Le CHSLD de Maniwaki est désuet

Aînés

La communauté de Maniwaki attend impatiemment l'autorisation de Québec pour construire un nouveau centre d'hébergement pour personnes âgées. Le centre actuel est désuet et nettement trop petit pour répondre aux besoins de la population.

Cela fait quatre ans que le Centre de santé et de services sociaux (CSSS) de la Vallée-de-la-Gatineau a demandé à Québec l'autorisation et le financement pour construire un centre d'hébergement et de soins de longue durée (CHSLD).

L'édifice actuel est situé en pleine zone inondable. En 2003, il a fallu l'évacuer, car la rivière Désert était sortie de son lit, l'eau s'était arrêtée à quelques mètres seulement de l'immeuble où vivent 70 aînés.

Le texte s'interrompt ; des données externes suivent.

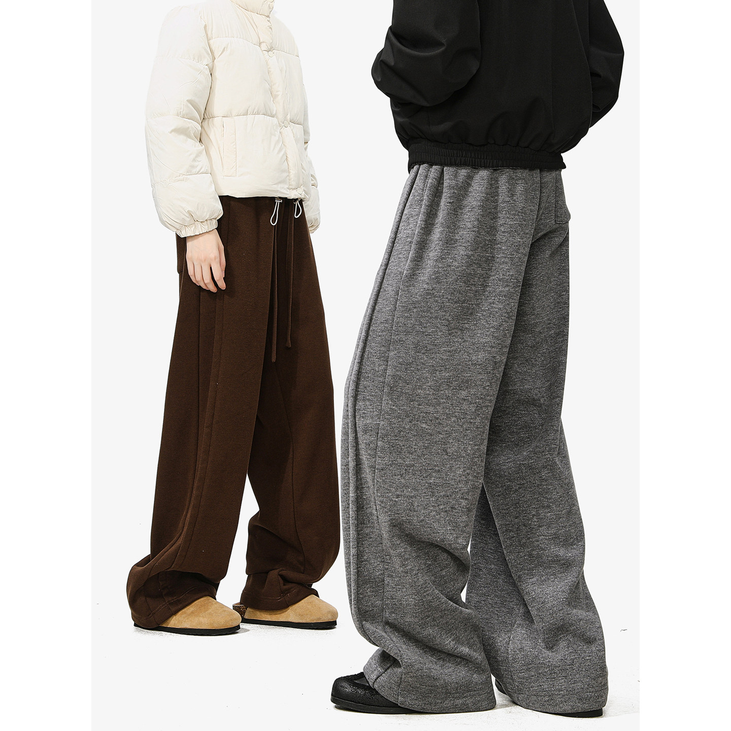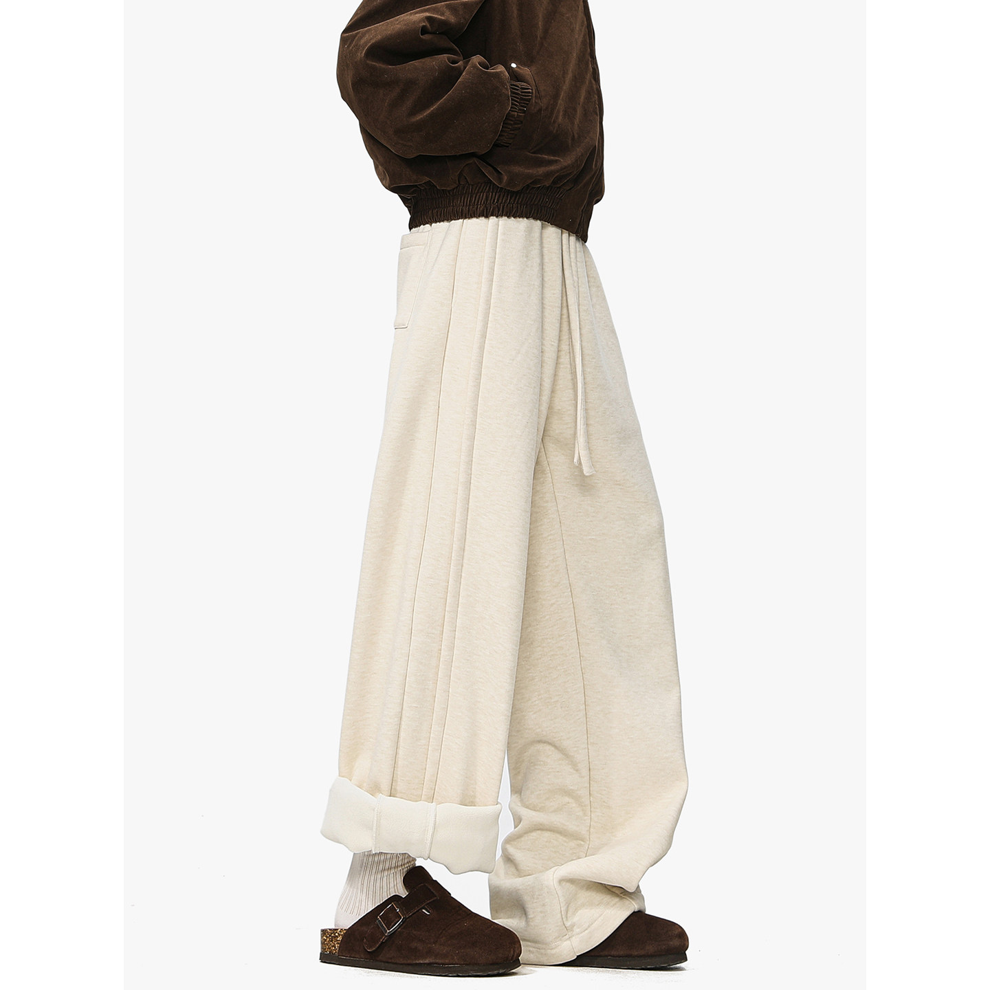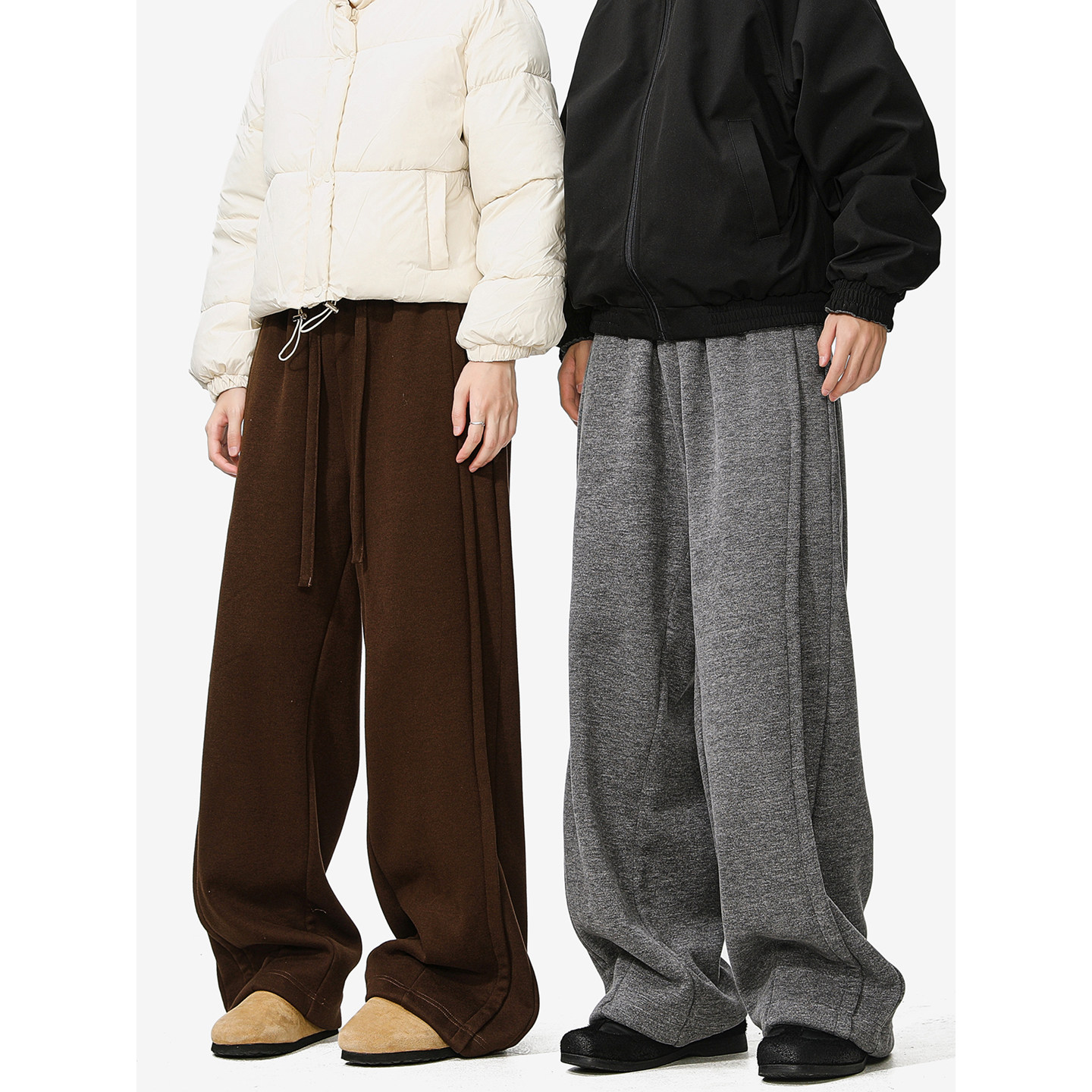 MANYSTON美式高街加绒休闲裤男款冬季加厚直筒宽松垂感慵懒风裤子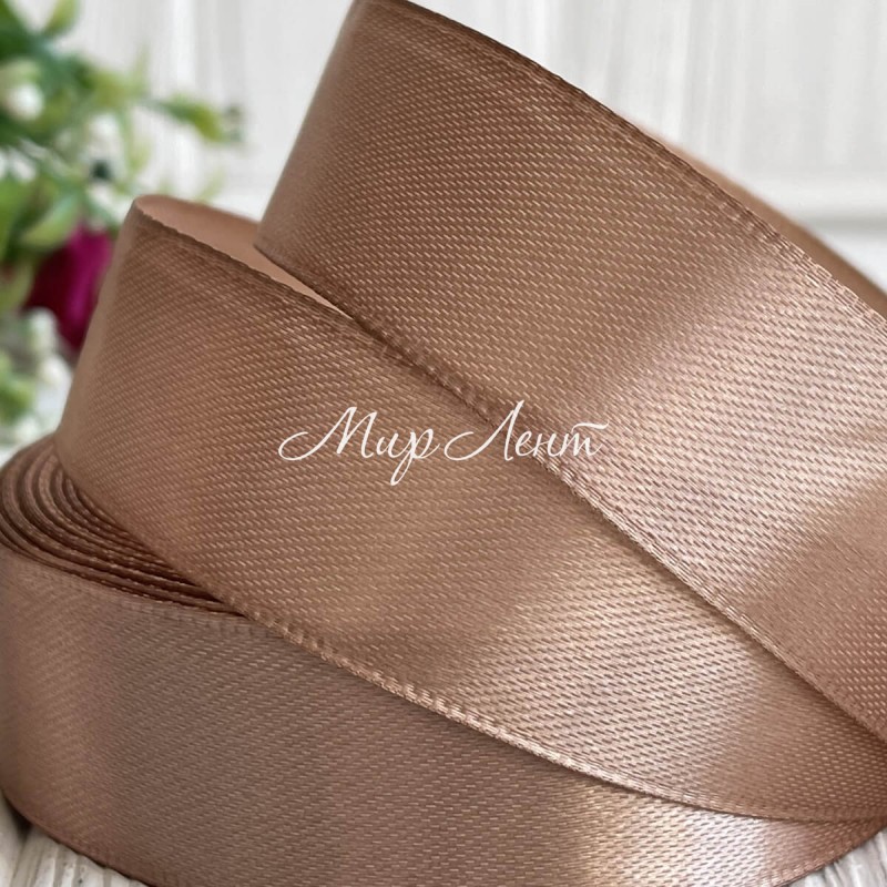 Атлас 2,5 см, кофейно-бежевый, рулон 33 м

La directrice générale du CSSS de la Vallée-de-la-Gatineau, Sylvie Martin, explique que les risques d'inondations sont toujours bien réels, « Il y a juste une rue qui sépare la rivière de notre CHSLD, dit-elle. La crue des eaux n'est plus juste au printemps, maintenant le niveau d'eau varie continuellement à longueur d'année ».

Personnes agées

En plus, le foyer Père Guinard construit il y a plus de 30 ans est complètement inadapté pour sa clientèle dont les besoins se sont alourdis au fil des ans.

Selon Sylvie Martin, les salles de bain et les chambres sont partagées, l'ascenseur est trop lent alors que les couloirs et cadres de porte, eux, sont trop étroits. Elle craint que l'évacuation de l'édifice soit très difficile advenant un incendie.

Le dossier était une priorité pour l'Agence de la santé et des services sociaux de l'Outaouais au moment du déclenchement des élections en juillet 2012 et doit le demeurer, selon la députée libérale de Gatineau, Stéphanie Vallée.

« C'est un projet qui correspond à un besoin, donc ce n'est pas un caprice de la population. » — Stéphanie Vallée, députée libérale de Gatineau

La députée espère que le nouveau gouvernement sera réceptif, mais même si une annonce devait avoir lieu au cours des prochaines semaines pour la construction d'un nouveau centre d'hébergement, il faudrait attendre au moins trois ans avant de pouvoir y loger les premiers pensionnaires.